Malabar Gold Wins Trademark Battle: Kerala High Court Protects Brand Rights

The HC sensibly protected distinct trademarks and prevented consumer confusion, but rejected monopolizing the common or place name MALABAR without proof of the public links the word alone to the appellant

In the recent trademark news of MALABAR GOLDS the Kerala HC set aside a finding of passing off against a delhi jeweller and held that Malabar gold cannot monopolize the use of the word MALABAR , the court declined to allow exclusive rights over the ordinary word and reversed the prior passing off (to prevent someone from using a mark in which goodwill subsists in a way which operates as a misrepresentation to consumers) finding. The court gave no exclusive rights to the Malabar word simply because a large jeweller uses it, so others may use the word subject to normal trademark use.

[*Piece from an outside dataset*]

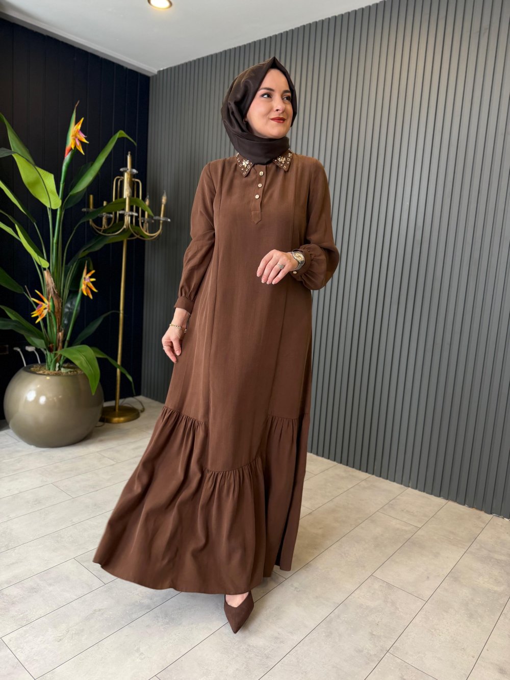 Yaka Taş Detaylı Elbise Kahverengi

The trial court restrained the delhi jeweller and directed him to submit all hi documents and materials relating to the business. At last the court held that he had added that the delhi jeweller has passed off his goods.

But before the HC Manuel (appellant), argued that Malabar is a geographical expression that cannot be monopolized by a single trader. And also stated that in the registration it did not had exclusive rights over the word and it did not had any evidence that it has some different independent meaning of the word.   

The court said Malabar is a place name and the Malabar gold’s trademark certificate clearly says they don’t have any exclusive rights over that word alone, and they could not prove that people connect to the word Malabar by itself, there was only the full name MALABAR GOLD, the court the found that there were many brands copying it more than just a word. But when they are compared to both the brands they were found deceptive similar and it would confuse the customers.

The court agreed that there was trademark infringement, but said Malabar court didn’t prove the separate claim of passing off. Passing off needs more than just similar looking brands, the court said 3 things that the brand has a goodwill, and that the other person has mislead the customers and that because of the other person he has suffered damage. MALABAR GOLD didn’t prove any of that during the trial, they did submit the sales and invoices later in HC but that didn’t count because it was not proven properly at trial.

So, the court cancelled passing off part of the lower court’s order. It still banned Manuel from using the logo, name, label, shop design, that looks deceptive similar to the MALABAR GOLD registered trademark and from acting like his business link to them. But the court made it clear again that nobody can claim exclusive rights over the word MALABAR by itself and the appeal was partly allowed.

Last but not the least in the end, the HC sensibly protected distinct trademarks and prevented consumer confusion, but rejected monopolizing the common or place name MALABAR without proof of the public links the word alone to the appellant. Rights holders must produce clear trial ready evidence of distinctiveness and goodwill to secure broader protection.